Adam nodded. Her warmth disarmed him in a way Mickey’s chill could not. “She told me,” he said, troubled anew at his mission here. “I’m sorry. I came at a bad time. I’ll try to stay out of your way.”

“You’re not in my way at all.” She dropped his hand but gave his shoulder a motherly squeeze. “Are you hungry? Why, I hear they hardly give you any food at all these days on an airplane. You’re lucky if they toss you a pretzel. Did you have lunch?”

“No,” he admitted. “But it’s okay. I—”

The big woman seemed shocked. “Didn’t Mick feed you anything?”

“No,” he repeated, almost shyly. “But it’s okay, really—”

“It’s not okay,” Bridget said firmly. “I made some cheese bread for you special. You come into the kitchen and have a little snack while I start whipping up supper. If Mickey didn’t get some food into you—well, she’s upset, is all. Carolyn Trent is as dear as a mother to her.”

Before Adam could protest, she had him in the kitchen, seated at a round oak table. He watched as she bustled, plugging in the coffeemaker, putting the cheese bread into the oven to warm.

She was an attractive woman in her large-scale way. She had a broad, fair face with pink cheeks, a small nose and a generous jaw. Her dark red hair was so curly it was almost crinkly.

She asked all the polite questions about his flight, and he answered, but he didn’t want to talk about himself. He guided the conversation in a different direction. “Have you worked for Mrs. Trent long?”

She set down a coffee mug, a plate and a fork before him. “Nine years,” she said. “My aunt Consuela used to have this job. But she quit after the tornado, when the barn fell on Mr. Trent. ‘No deseo más de este tiempo de Tejas,’ she said. ‘No more of this Texas weather for me.’ And she made my uncle Emil take a job in British Columbia. Well, maybe she had a point. Because, at least, she missed that accursed flood last fall.”

Adam looked up, his interest piqued. “Tornado?” he said. “Flood?”

“Indeed.” Bridget shook her head with feeling. “It’s never dull around here. Now the tornado was an act of God, but that flood, it was another matter entirely….”

She took the conversational bit between her teeth, and she was off and running.

MICKEY STRETCHED out her trip to town. She went to the library, and Violet, the head librarian, had already heard about Beverly and the baby. News traveled fast in Crystal Creek.

“Bridget’s sister told me,” Violet said with a sad shake of her head. She led Mickey straight to the medical section and handed her the latest book about children with heart conditions. “It’s a good book,” she said. “Last winter, Dr.

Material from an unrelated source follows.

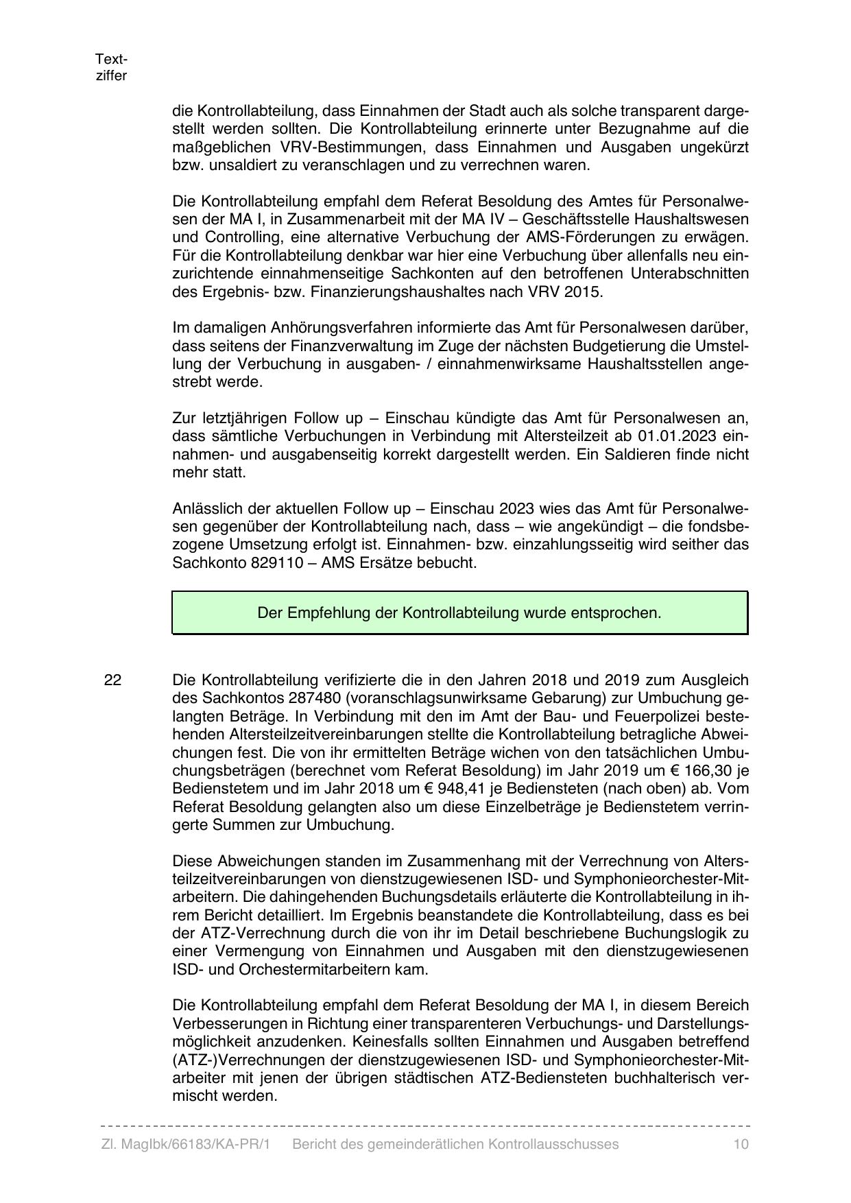 Anlässlich der aktuellen Follow up – Einschau 2023 wies das Amt für Personalwesen gegenüber der Kontrollabteilung nach, dass – wie angekündigt – die fondsbezogene Umsetzung erfolgt ist. Einnahmen- bzw. einzahlungsseitig wird seither das

Purdy recommended it to Betsy Hutchinson when her little boy was diagnosed with a heart murmur. Betsy said it was a great comfort.”

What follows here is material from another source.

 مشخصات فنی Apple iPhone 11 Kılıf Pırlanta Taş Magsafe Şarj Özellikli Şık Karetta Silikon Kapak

She patted Mickey’s arm, and Mickey thanked her, touched by her concern.

Mickey went to the Long Horn Coffee Shop. Kasey, the manager, came right over and filled her a coffee cup. She nodded at the book on the red-and-white checkered tablecloth. “I heard about what happened. Nora Slattery was in here earlier. She was mighty upset.”

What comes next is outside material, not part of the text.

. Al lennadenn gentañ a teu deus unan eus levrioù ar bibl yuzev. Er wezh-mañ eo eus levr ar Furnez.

Mickey nodded sadly. Nora was the wife of J.T.’s foreman and had lived on J.T.’s ranch for years. She had known Beverly since childhood.

Kasey said, “My cousin’s baby had the same problem, Mick. She came through with flying colors. You’d look at her and never guess. I hope it’s the same for this little gal. But Carolyn’s devastated at this point, I imagine.”

“More than devastated,” Mickey said. “I—don’t think I can talk about it.” She didn’t want to cry again.

“I understand, hon. Tell her hello, and that we’re all pulling for her and the whole family. I’ll leave you be. Read your book. Maybe you’ll feel better.”